Box & Whiskers Plot:
bwplot(wage ~ sex | married, data=CPS2,
main="Wages vs. Sex, by Marital Status", ylab="Wages (dollars per hour)",
xlab = "Sex")
The box plot shows that when single, men and women had very similar median wages and different ranges (men having a higher IQR and range between the min and max values). However when their status changed to married, men’s median wage jumped significantly higher than female’s and their range expanded significantly as well.
In conclusion, males from this study are making higher wages than females, no matter the added variable. Although women do tend to choose different work sectors than men, when comparing wages in the same sector women receive lower wages than their male counterparts. Females on average have more work experience, but regardless of one’s work experience, females are still making lower wages then males. Based on these results, we can definitively say that even though females may have the same level of education as males, they would receive a lower hourly wage. Marriage status does affect both males and females’ average wages, as men begin to make higher wages on average and women begin to make less once they marry.
It is hard to say what exactly are the reasons behind the wage difference between men and women.

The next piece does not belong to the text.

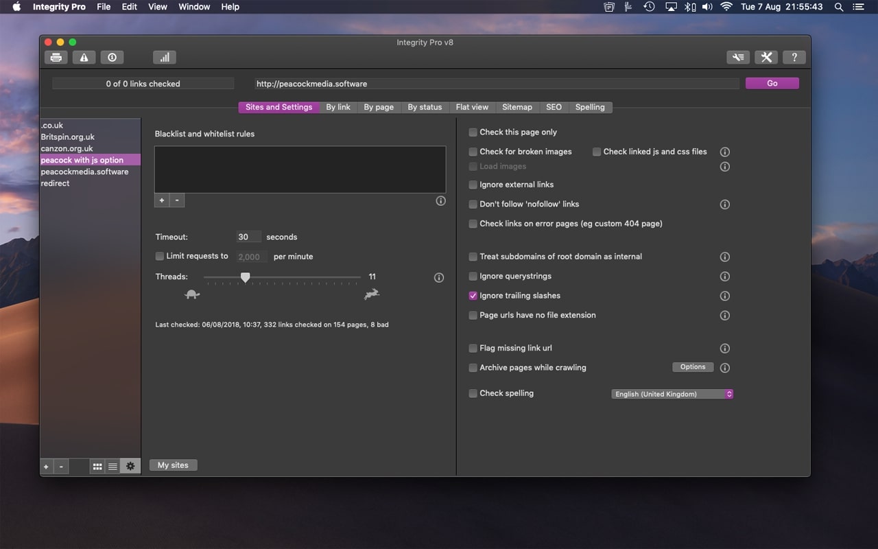 Integrity Pro 添加了 SEO 和拼写检查功能。显示警告列表,例如缺少标题/描述、不完整的内容、充满关键字的页面、没有替代文本的图像、混合内容、重定向链等。

Although it is most likely not the only reason behind it, the values of society regarding sex is certainly a possibility. In general, women are placed below men in social status and “worth” while men are seen as more “valuable”. They are seen as the harder workers, the “providers” for the family, the stronger of the two sexes. Men are seen to do more work, or more important work, so in response they are given higher wages, even if women are performing the same job or have the same education or work experience.
Our group never looked into some of the other variables from the original data set CPS85, such as age, race, region, and union membership. It would be interesting to add these variables to research if further study was applied. It would also be interesting to throw other variables into the data set, such the presence of a disability, to see if there is a difference in wages or to even compare/contrast the CPS85 data set with a similar one taken from another country to check for differences.